Redundancy: Software N-version programming is most commonly used FTM, where, some N modules are made to perform same operation and their outputs are compared and if they differ, the voting mechanism is invoked to choose fault free result. But, this approach consumes more systems resources for redundant operations and the system cost increases 5.
Migration: In this approach, when any part of application is running, using failure prediction algorithms, the location, time and type of failure that will occurs at any node is identified first and, that portion of application is migrated to the safe node where application can continue running without failure. Reliability, Availability and Serviceability (RAS) log files are commonly used to develop the prediction algorithm 4. But, these failure predictive algorithms in case of petascale and exascale systems where more number of processors and nodes are involved, fail to accurately record the failure logs, that is logs the failures which may never occur or does not logs the failure which occur. Therefore, unidentified faults are not addressed. Hence, migration FTMs when used with other FTMs like checkpointing, again the challenge is when and where to place checkpoints or at what intervals checkpoints are placed.
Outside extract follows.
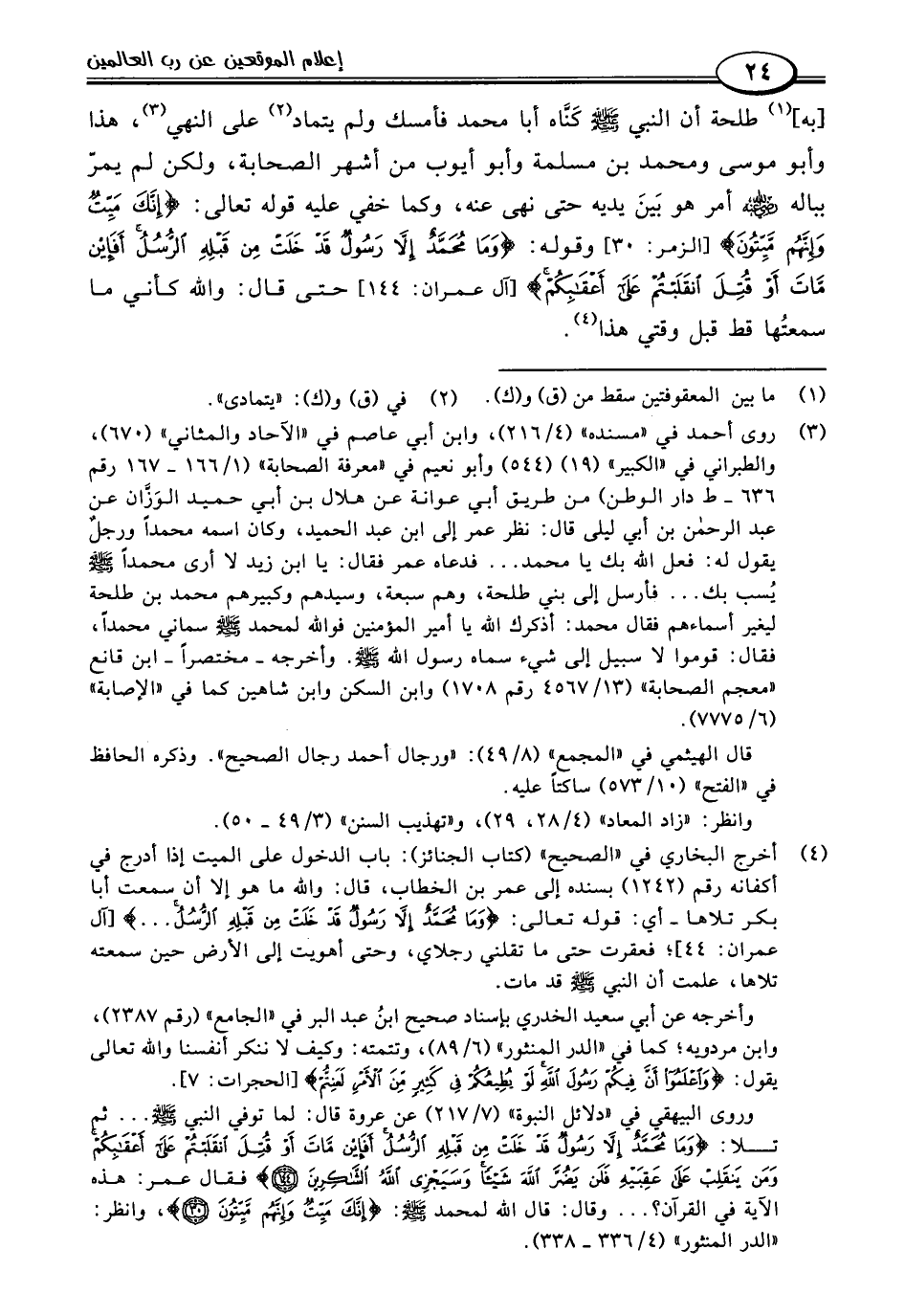 [به] (١) طلحة أن النبي -صلى اللَّه عليه وسلم- كَنَّاه أبا محمد فأمسك ولم يتماد (٢) على النهي (٣)، هذا وأبو موسى ومحمد بن مسلمة وأبو أيوب من أشهر الصحابة، ولكن لم يمرّ بباله -رضي اللَّه عنه- أمر هو بَيْنَ يديه حتى نهى عنه، وكما خفي عليه قوله تعالى: {إِنَّكَ مَيِّتٌ وَإِنَّهُمْ مَيِّتُونَ} [الزمر: ٣٠] وقوله: {وَمَا مُحَمَّدٌ إِلَّا رَسُولٌ قَدْ خَلَتْ مِنْ قَبْلِهِ الرُّسُلُ أَفَإِنْ مَاتَ أَوْ قُتِلَ انْقَلَبْتُمْ عَلَى أَعْقَابِكُمْ} [آل عمران: ١٤٤] حتى قال: واللَّه كأني ما سمعتُها قط قبل وقتي هذا (٤).

Failure Semantics: Semantics helps to understand the way in which failure happen. Semantics are based on the fact that, any error in results indicates fault in operation. This erroneous state leads to subsequent failures 6. The various situations of faults are listed in semantics and the recovery action is invoked upon detection of faults. Some of the failure semantics are omission failure semantics, performance failure semantics and crash failure semantics. This technique is based on the ability of the fault detector and any undetected faults, their semantics and their recovery action is not addressed 7.
Failure Masking: The operations are grouped with some redundant processing members. In case of failure these redundant members take over the operation and provide required results without disrupting the end result. Hierarchical group masking and flat group masking are most efficient masking techniques used. In these techniques, voting process or coordinator is used to select one of the redundant members to take over the identified faulty operation and perform once again without fault. During this process the faulty is masked and later replaced by the operational staff. In this technique, extra hardware and software required for voting process / coordinator operation, redundant processing units. This technique also incorporates delays and overheads in its performance because of voting process and decision making in selecting redundant processor. Also, masking technique create new errors, failures and hazards when operational staff fails to replace failed components, since such systems should be regularly inspected and therefore overall costs increases 8 9.
Based on literature survey, the above mentioned FTMs are reliable and efficient in distributed system but lag addressing undetectable faults. Faults in these FTMs left undetectable in case of high performance computations.
Checkpointing is most suitable way to address undetectable faults where the recent fault free operation/state, consistent is saved and the operation is restarted from that checkpoint 6. Shaded blocks are out of scope in this research.